Karen Caffrey is a former registered and district nurse. Homecarers has grown from a small family business to one employing 250 staff. Passionate about care and improving the delivery services for staff, this is a labour intensive industry that’s a vital step in helping to keep people independent and out of hospital. Currently, they are exploring ways in which technology can improve both their efficiency and efficacy.
Homecarers make 10k visits a week across the city, half an hour in the morning, at lunchtime and bed. It requires a vast coordination with 550 service users.
What technology could they use?
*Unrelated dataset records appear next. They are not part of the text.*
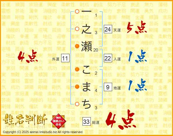 一(1画)之(3画)瀬(20画) こ(2画)ま(4画)ち(3画)
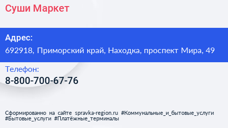 Суши-Маркет по адресу 692918, Приморский край, Находка, проспект Мира, 49 в дальнейшем Организация, размещена в следующих категориях:
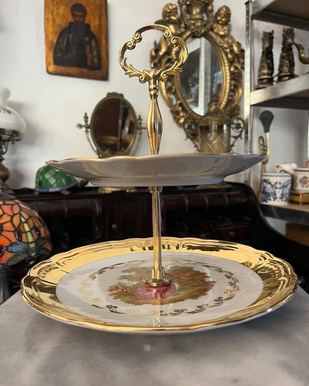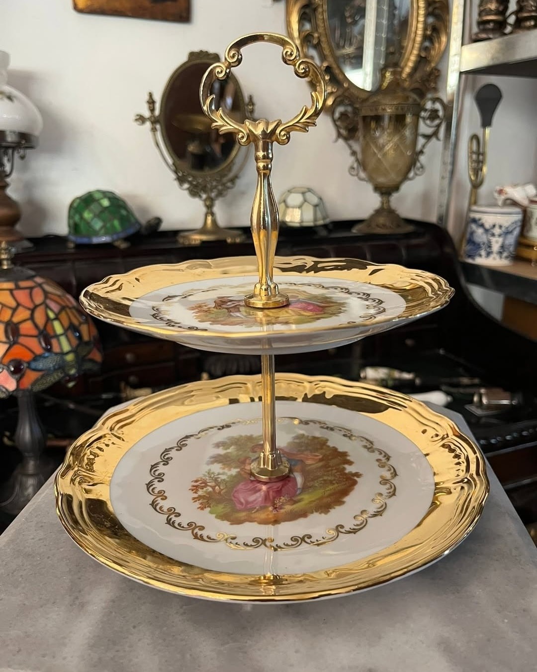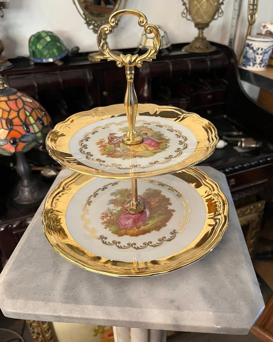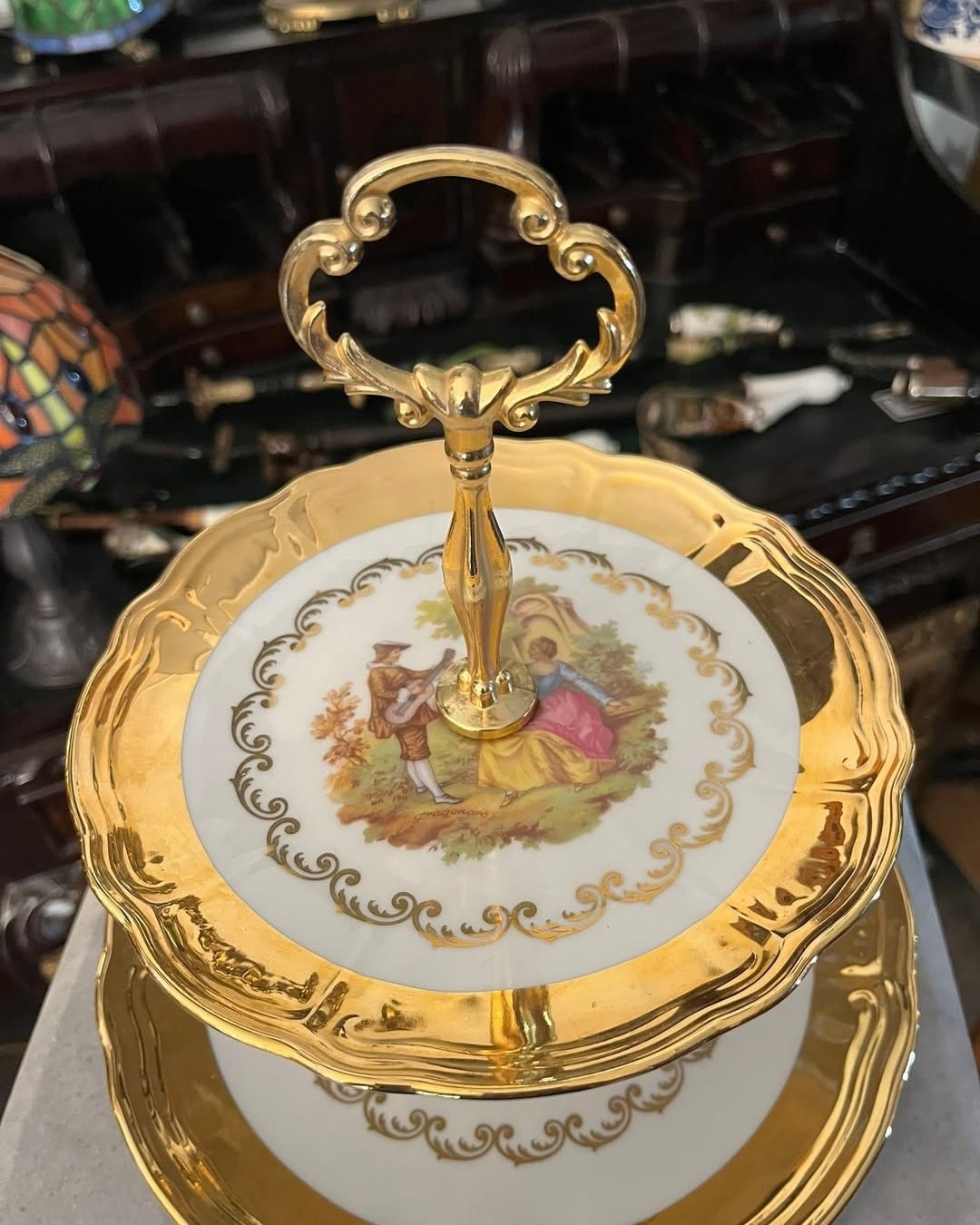 Fructiera pe doua nivele din portelan cu scena fragonard, poleita partual cu aur de 24k.

An app would help with the training and monitoring of their largely mobile workforce. It could also help the carers who are increasingly finding themselves doing the same activities as trained nurses, like administering medication. VR could help with both training and communication.
From a practical perspective, domiciliary care generates reams of archives and files of data. The demands on their services are increasing. Electronic records, understanding patients needs more effectively and dovetailing this with medical care is vital.
Isolation is an issue, both for patients and carers. Technology could help to bring them together more effectively, reducing loneliness and improving wellbeing.
Homecarers were one of several eHealth Cluster members who took part in the cluster-managed Digital Space at Ilinks 2016, where they were given the opportunity to tell an audience of senior NHS professionals about their work, and how they are integrating digital technology with health and social care services.